Environmental Defense praised a recent agreement between Entergy and the Pacific Northwest Direct Seed Association (PNDSA), which will demonstrate farming methods that help to reduce global warming. PNDSA and Environmental Defense also have a cooperative agreement to investigate and encourage the adoption of environmentally beneficial farming practices.
The Entergy/PNDSA agreement begins a long-term project to quantify soil carbon and greenhouse gas reduction credits resulting from the adoption of direct seed practices by participating growers. Carbon sequestration in soils and reduced emissions of greenhouse gas pollution help to slow the buildup of these gases in the atmosphere and resulting global warming.

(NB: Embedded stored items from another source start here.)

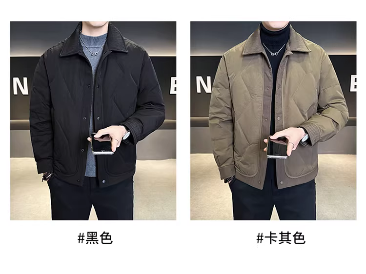 - Áo khoác nam phối vải, kiểu dáng mới mùa đông 2025, đa năng, nhẹ, ấm, áo khoác lông vịt dày dặn.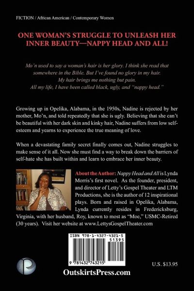 Mo'n used to say a woman's hair is her glory. I think she read that somewhere in the Bible. But I've found no glory in my hair. My hair brings me nothing but pain. All my life, I have been called black, ugly, and "nappy head." Growing up in Opelika, Alabama, in the 1950s, Nadine is rejected by her mother, Mo'n, and told repeatedly that she is ugly. Believing that she can't be beautiful with her dark skin and kinky hair, Nadine suffers from low self-esteem and yearns to experience the true meaning of love. When a devastating family secret finally comes out, Nadine struggles to make sense of it all. Now she must find a way to break down the barriers of self-hate she has built within and learn to embrace her inner beauty.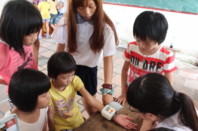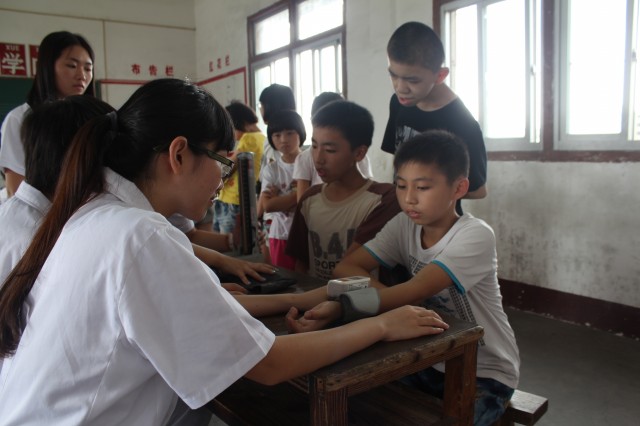学生们有秩序的参与测量血压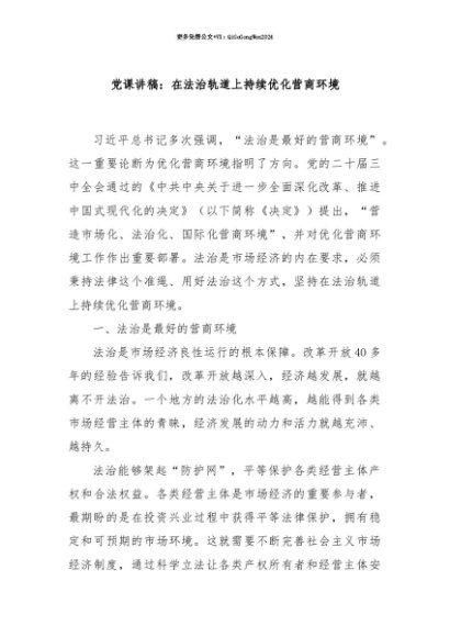 【七哥公文】2025年:【七哥公文】党课讲稿:在法治轨道上持续优化营商环境+更多免费公文+VX:QiGeGongWen2024+更多免费公文+VX:QiGeGongWen2024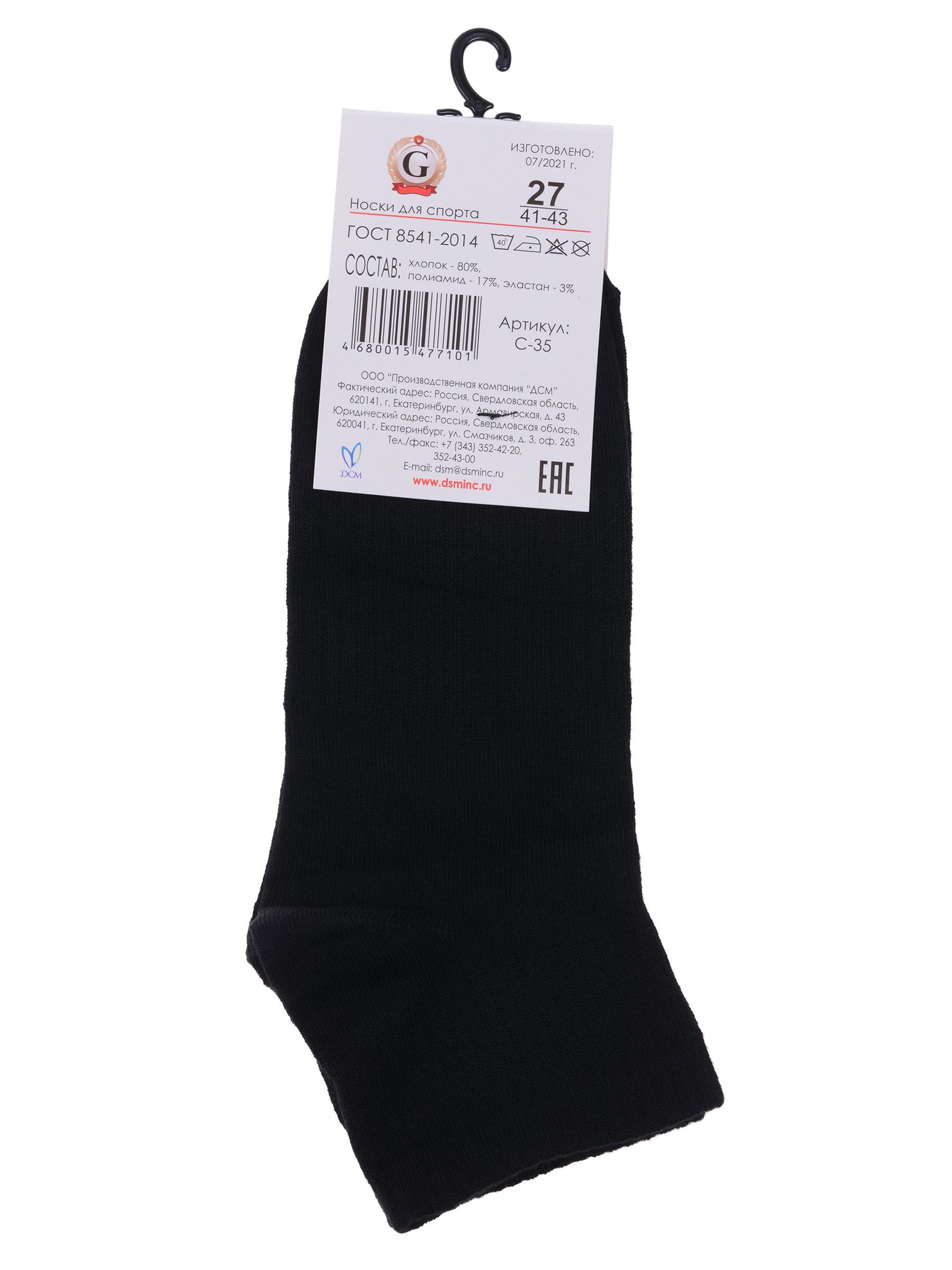 Комплект носков унисекс из 5 пар, круглогодичные, короткие, цвет черный, спортивные, возможно бесшовные, принт (рисунок): без рисунков/узоров, однотонный, состав: 80% хлопок, 17% полиамид, 3% эластан, арт. 5-С-35. Производитель «ООО Производственная компания "ДСМ", Россия» под брендом «Grand line».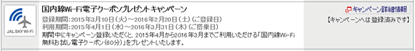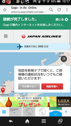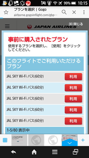 あまり画面キャプチャを取らなかったのですが、離陸して、シートベルト着用サインが消えたあとで、wifiをオンにして、JALにつなぐと、無料で使えるコンテンツもありつつのJALのページが開き、wifiを利用する場合には、クーポンがない場合には、手続きが必要になりますが、既にこのクーポンを持っている場合は、その項目を選択すると、JAL SKY Wi-Fiパス(60分)の残り分が表示され、これを利用して無料で利用することができました。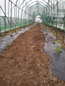 JA福島さくらのみなさんのご協力とご指導を仰ぎながら、圃場の整地から始まり、施肥した土壌に支柱を立てたり、畦を立てたところにマルチを張ったり。準備が整ったら定植開始です!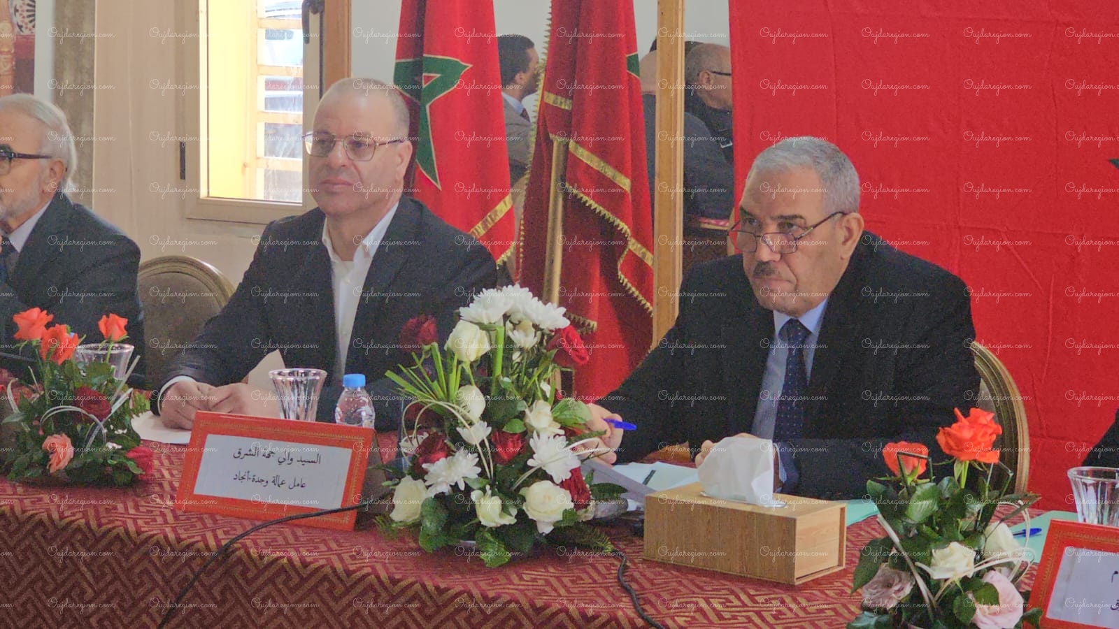 بحضور بوعرورو رئيس مجلس الجهة الوالي العطفاوي و عمال الأقاليم في لقاء لتتبع مستوى خدمات شركة التنمية ووكالة تنفيذ المشاريع ودراسة اتفاقية تأهيل المراكز القروية بجهة الشرق

"This is a unique agreement that both offsets and reduces carbon dioxide emissions," said Karl Kupers, vice president of the PNDSA who farms near Harrington, Washington. "This project will allow farmers to make conservation investments that will pay off for them as well as for the planet's future."
"This is one of a number of internal and external projects Entergy is undertaking to reduce emissions and achieve its greenhouse gas target," said Dr. Marty Smith, Entergy's climate program coordinator. "Not only are emissions being avoided, but through this special project Entergy has the opportunity to make a contribution to the advancement of a whole new and more environmentally sound method of agriculture."
"This pilot project will demonstrate farming practices that protect the environment and our nation's soil resources in a sustainable manner," said Dr. Zach Willey, Environmental Defense economist. "The project can show how best to verify greenhouse gas reduction credits produced by improved farming practices and can give farmers incentives to join the fight against global warming."
Entergy, based in New Orleans, Louisiana, USA, is a global energy company engaged in power production, distribution operations, and related diversified services. PNDSA, based in Pasco, Washington, USA, is a non-profit organization providing education and assistance to farmers in Washington, Idaho, Oregon, Montana, and California on the adoption of low- and no-till cultural practices in farming operations.